While it’s clear how much he loves the “fantastic medium” of radio, he has fond memories of working in UTV’s features department under the editorship of Jamie Delargy.
“I remember one day him sending me into the town because his daughter was reading a book by an author. He thought this book was very good and the author should get some coverage.
“We had a works mobile phone at the time. Not everyone had a mobile phone and on the way in the taxi, I forgot the name of the author. I said Jamie, what do we call this woman? He said J.K. Rowling.
“I remember going into Eason’s and she was there with some schoolchildren. I interviewed her and she said her dream would be to see it made into a film.
“I’ve often thought her dreams really did come true.
“I got a lovely photograph taken with her. She signed the first and second books to my daughter. They’re pride of place at home and hopefully gaining value as every year goes by,” he laughs.
Few could forget the column on Sylvester Stallone mistaking Frank for his guide and the pair dandering through Dublin after the opening of Planet Hollywood.
“To be sent places where you can go through a door and speak to Nelson Mandela, where you’re on the set and they bring in the Queen and it’s your job to show her around,” says Frank with feeling on what he’s done and who he’s met.
“To go to Bellaghy when I was not long a features reporter and spend the whole afternoon with Seamus Heaney in class where he was teaching children poetry.
“I had been an English teacher and he read some of my favourite poems that I had been teaching to children myself, and I remember thinking that was an experience to spend so much time one to one with Seamus Heaney.”
It’s been a magical career we suggest.
“I’ve thoroughly, thoroughly enjoyed it,” agrees Frank.
“You don’t have a lot of access to these people so you have to have the confidence to ask, ‘Would you join me one to one?’
“I’ve always found the vast majority of them are incredibly approachable.
“Sometimes the entourage around them can be difficult but the actual person is approachable.”
Speaking of congeniality, he has only kind words to say about one of Northern Ireland’s most talented exports.
“One of the highlights of School Around the Corner was when Liam Neeson wrote to me,” says Frank.
“I was opening letters from schoolchildren and there was a letter on Liam Neeson’s headed notepaper. He had written from his New York office saying his father attended a school called St John’s Eglish in Portadown and he believed the headmaster would like this school to be featured on School Around the Corner and he’d really appreciate it if we’d consider the school.”
It took two years to showcase the school on TV and as Frank drove up the M1 one day, an American lady rang, asking if he would take a call from ‘Mr Liam Neeson’.
“I thought somebody’s taking the p*** here. I said I will of course and pulled off on the slip road to get a proper conversation with him,” he explains.
“He was working on a film at the time about a sex therapist, [Alfred] Kinsey, and he was telling me all about that.
“I’d say he spent about 20 minutes talking. I just thought was such a nice thing to do, to ring up and thank me.
“You wouldn’t get that if you weren’t working in TV, that’s the point I’m making. It gives you a privileged position.”
For now, he’s awaiting the arrival of daughter Laura and her fiancé from Newcastle upon Tyne.

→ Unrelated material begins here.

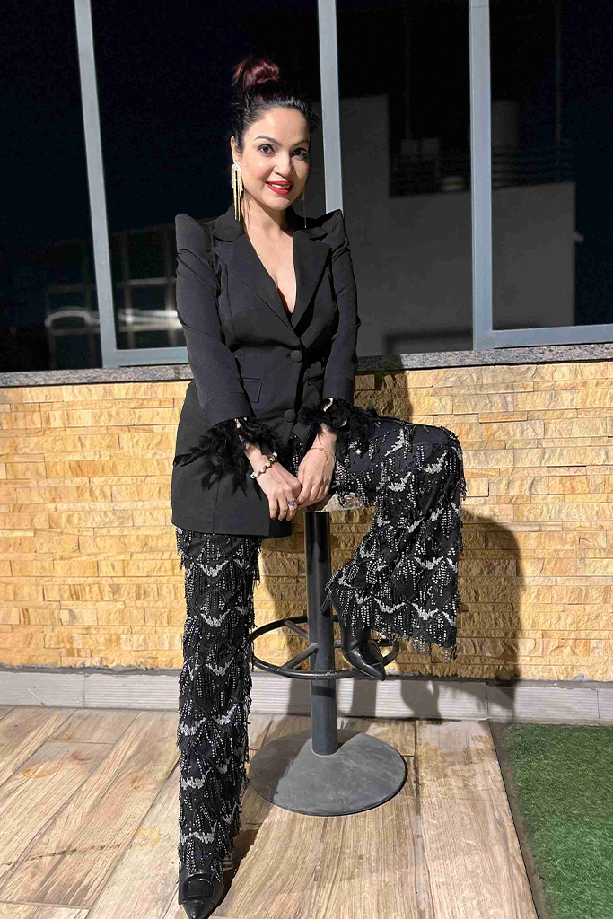 Russian Lycra Blazer with feather detaling along with blingy pants.
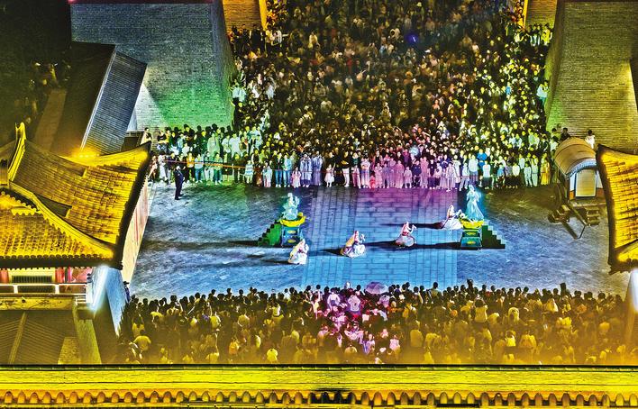 人山人海! 10月5日,夜游襄阳桐城风景区。当晚,60%以上的游客来自河南、湖南及周边城市。 (湖北日报全媒体记者刘树松、通讯员王虎提供)

“The young man that she’s getting married to in 18 months’ time is called Andy. He’ll be over with us, he’s from Newcastle upon Tyne.

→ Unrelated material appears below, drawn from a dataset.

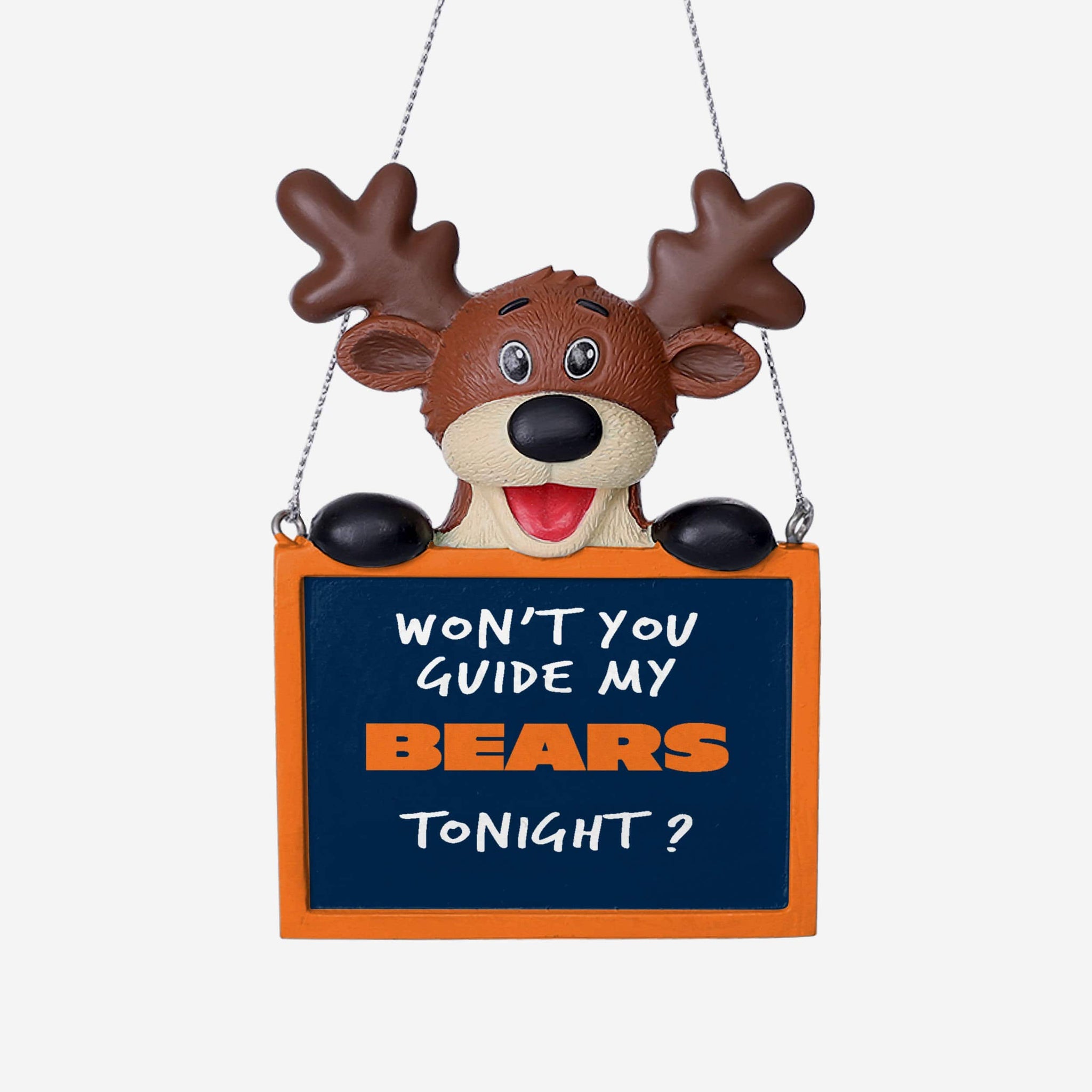 Tired: Dasher. Dancer. Prancer. Vixen. Wired: This Chicago Bears Reindeer with Sign Ornament.

“The big plus is they are both very skilled cooks and chefs. They work as architects, but if they weren’t architects they would be outstanding in a kitchen,” he says.
“Myself and my wife just sit back and let them do it. They’ve never let us down in the last couple of years and I’ve no doubt that this year will be exactly the same.
“So fingers crossed are no restrictions, no blockages on the boats, no delays because having them here… that makes Christmas perfect.”
Plus, it gives him time to prepare for another role: father of the bride.
“Father of the bride is something to consider gradually,” he laughs. “Let me get Christmas out of the way of the way first. That’s a whole other newspaper!”